I’ve been wondering about something: Why is it that images from the past — the actual past — often feel more futuristic than our current images of an imagined future? The latter, even when they’re created with great seriousness, always have a certain kitschy quality, and the kitschiness becomes more pronounced as time passes. It’s the Tomorrowland effect. George Lucas understood that pretty well, I think; he let Star Wars revel in kitschiness rather than trying to avoid the inevitable decay into kitschiness. Fight fire with fire. Hence the film feels less dated, visually, than a lot of the more “futuristic” films about the future.
But if the future doesn’t look much like the future, the past often does. There are pictures from the past that, while you immediately recognize them as being from the past, nevertheless feel futuristic. It’s as though there’s something in your brain that wants to read them as images from the future. Here, for instance, is a picture of Enrico Fermi sitting in a control room in 1951:
Tell me you don’t experience a little cognitive dissonance while looking at that. Even the clock — drab, utilitarian, old — feels futuristic. Why?

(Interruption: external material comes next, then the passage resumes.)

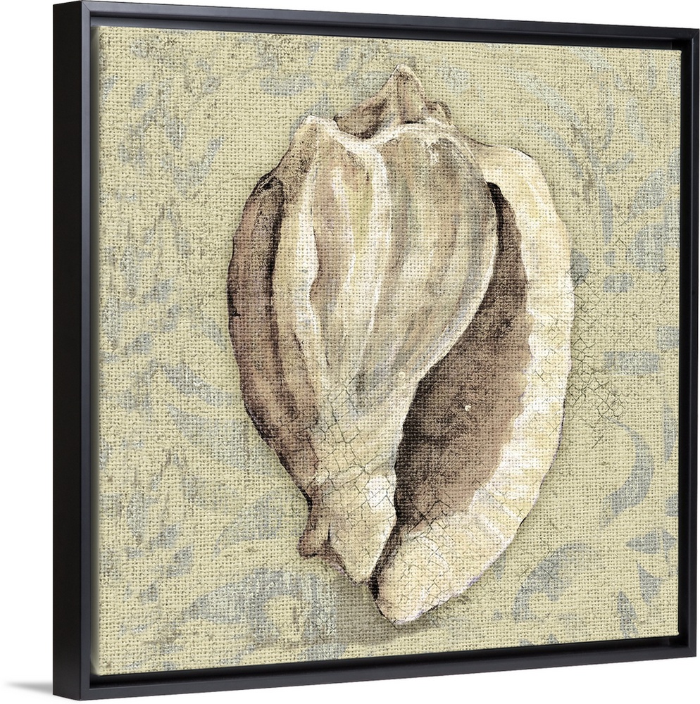 <p>Artwork of a beige seashell against a cream colored background.</p>

You might think I’m stacking the deck, using a picture of an old control room. Everyone knows that old control rooms are just plain cooler than new control rooms. But I don’t think it’s just control rooms. Here’s a photo of a Fort Worth gas station celebrating its grand opening in 1964. Everything about it, not least the prices, screams “Fort Worth 1964.” (In 1964, I was five years old and I lived very near Fort Worth; it’s entirely possible I visited that gas station.) And yet there’s also an odd air of the future about it. If you needed to fill up your tank in 2064, wouldn’t this be the place you’d pull into:
If Lucas went the kitsch route from the start, Jean Luc Godard, in his 1965 movie Alphaville, took the opposite, and I think more interesting, route. He didn’t use futuristic sets at all. He just went out and filmed a science fiction movie in the Paris of the (then) present. He knew, I suspect, that by the time the film was released, the present would already be the past and hence would already have started to take on a futuristic patina — a patina that would actually grow stronger as time passed. And it worked:
Surely, that’s an image from the future.
I draw no conclusions from any of this. I’m just making an observation: the future looks more like the past than the future.

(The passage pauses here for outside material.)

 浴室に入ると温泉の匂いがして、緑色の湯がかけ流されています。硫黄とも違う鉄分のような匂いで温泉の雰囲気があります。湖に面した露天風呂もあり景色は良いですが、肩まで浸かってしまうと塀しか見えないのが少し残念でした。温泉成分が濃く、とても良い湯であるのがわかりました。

This video makes the same point, kind of. Anyway, I like the song.
“No one has lived in the past and no one will live in the future.” That is the absolute truth.
Movie stills from Alphaville; Fermi photo from Chuckman; gas station photo from Craig Howell; fan video for song “Yellow Wife No. 5” from the Airport 5 album Life Starts Here.
And this is why you and Ebert are my go-to blogs.
All of these examples look like dated ideations of the future to me – like how the future was once imagined – retrofuturism, in short, rather than actual futurism. (Except for the gas station, which to me looks just plain dated.)
When I try to think of what might look futuristic to me, I suspect that it is defined by a touch of the ’90s, and may well come to be more and more dominated by that ambiance.
So one hypothesis for what’s going on would be that a) what looks futuristic to oneself is the æsthetic that one absorbed during one’s adolescence as recognisably contemporary but new, expensive, flashy, and b) you are, on that basis, simply dating yourself here.
If that should happen to be so, then what conclusions can be drawn is also quite evident, unlike how it seemed to you.
@Aristotle Pagaltzis
“If that should happen to be so, then what conclusions can be drawn is also quite evident, unlike how it seemed to you.”
Ah shucks, A, can’t ya’ please spell it out for us?
“what looks futuristic to oneself is the æsthetic that one absorbed during one’s adolescence as recognisably contemporary but new, expensive, flashy”
So, for me, I guess that would mean one of those mirrored disco balls, or maybe the Knots Landing set?
Uh, no. Not yet, anyway.
By the way, why would they be “dated ideations” rather than just dated “dated ideas”?
Then maybe the only fact that remains to note after all speculation has washed away is that this futuristic sense of the past is not universal, at least not in its particulars.
(As for the question, because I don’t mean the specific content of the ideas so much as the kinds of things one tends to come up with ideas for. No matter how your control room concepts look, if you are making control rooms a prominent subject, that very fact is an artefact of your time.)
Robin Hanson talks quite a bit about construal level theory, that is that certain concepts are psychologically “far” and others are “near”, and near and far concepts carry with them different modes of thinking. The past and future are both far. In far mode thought, we tend to filter out details. At least two of those images, the control room and the hallway have lots of smooth surfaces lacking in detail.